Angola Journalist William Tonet's Home Invaded By Gunman As Defamation Case Continues

New York — Angolan authorities should credibly investigate a break-in at the home of prominent journalist William Tonet and drop the criminal defamation charges he faces, the Committee to Protect Journalists said Friday.

A man armed with a pistol broke into Tonet's home in the capital, Luanda, at around 4 a.m. on April 27, according to the journalist who spoke to CPJ, media reports, and a statement by the local union Syndicate of Angolan Journalists (SJA).

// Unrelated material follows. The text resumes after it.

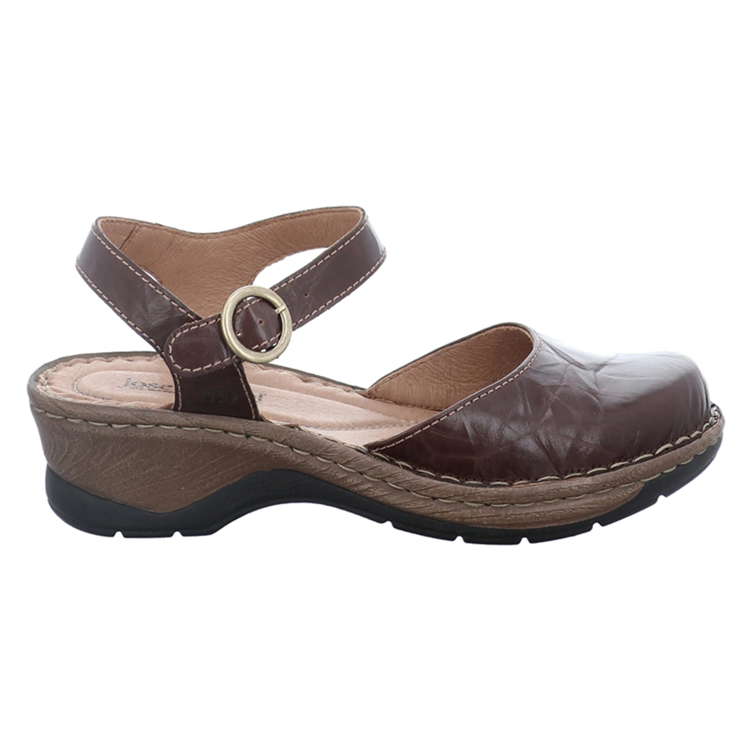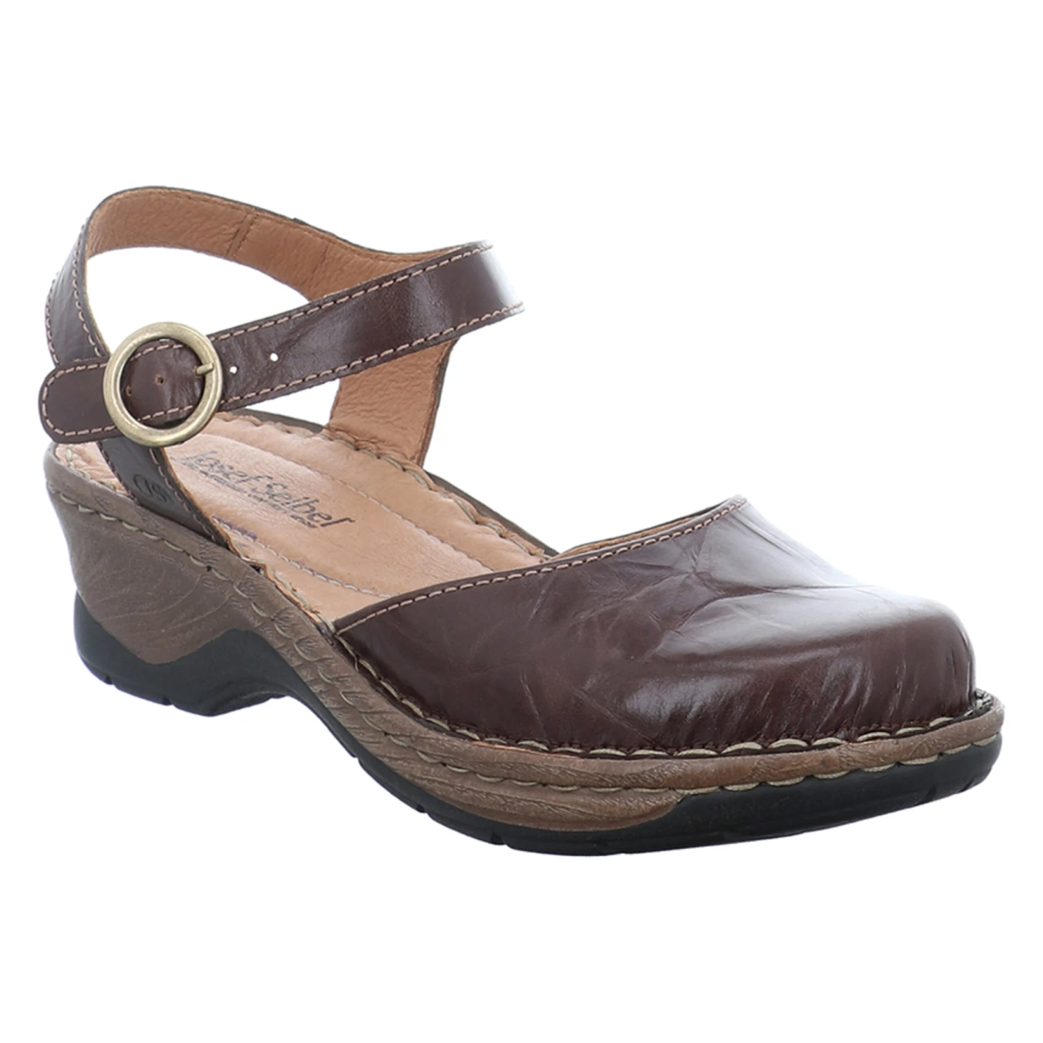 Der bequeme Damen-Clog der Marke JOSEF SEIBEL aus Leder wird von nun an Ihr ständiger Begleiter sein. Die Decksohle aus Leder ist hochwertig verarbeitet und bietet optimalen Komfort. Der Schuh verfügt über eine Weite G, ideal für den ganz normalen Fuß. Der Blockabsatz hat eine Absatzhöhe von 4,5 cm. Die stabile Laufsohle ist aus PU, diese Sohle ist leicht, weich, flexibel und biegsam. Die geschlossene Schuhspitze macht den Schuh elegant am Fuß. Der Schuh ist perfekt geeignet fürs ganztägige Tragen, da Tragegefühl, Komfort und Verarbeitung so ausgerichtet sind, dass Sie den Schuh den ganzen Tag über ohne Probleme tragen können.

Tonet, director and editor of the privately owned newspaper Folha 8, said he was awake when the intruder came into his bedroom, and the journalist shouted at him, causing the man to flee and escape in a white Toyota vehicle waiting outside.

Tonet said he did not file a police complaint because he does not "trust authorities in Angola," citing the "inadequate" police response to a June 6, 2023, fire that destroyed the Folha 8 office in Luanda and the subsequent investigations that "came up empty." Twelve film cameras, seven still cameras, and editing equipment, all worth around US$50,000, were destroyed in the blaze.

Tonet told CPJ that he is separately facing a criminal defamation and insult case following a complaint by a former judge over a 2020 report by Folha 8. Criminal defamation carries up to 1.5 years in prison, while insult carries up to one year, according to the penal code.

"Between a fire at his Folha 8 newsroom last year, the April 2024 break-in at his

home, and the prospect of prison time over criminal defamation charges,

Angolan newspaper journalist William Tonet seems besieged on all sides," said

CPJ Africa Program Coordinator Muthoki Mumo, in Accra. "Authorities must take steps to ensure that Tonet and other critical journalists do not operate in an environment of fear and legal persecution."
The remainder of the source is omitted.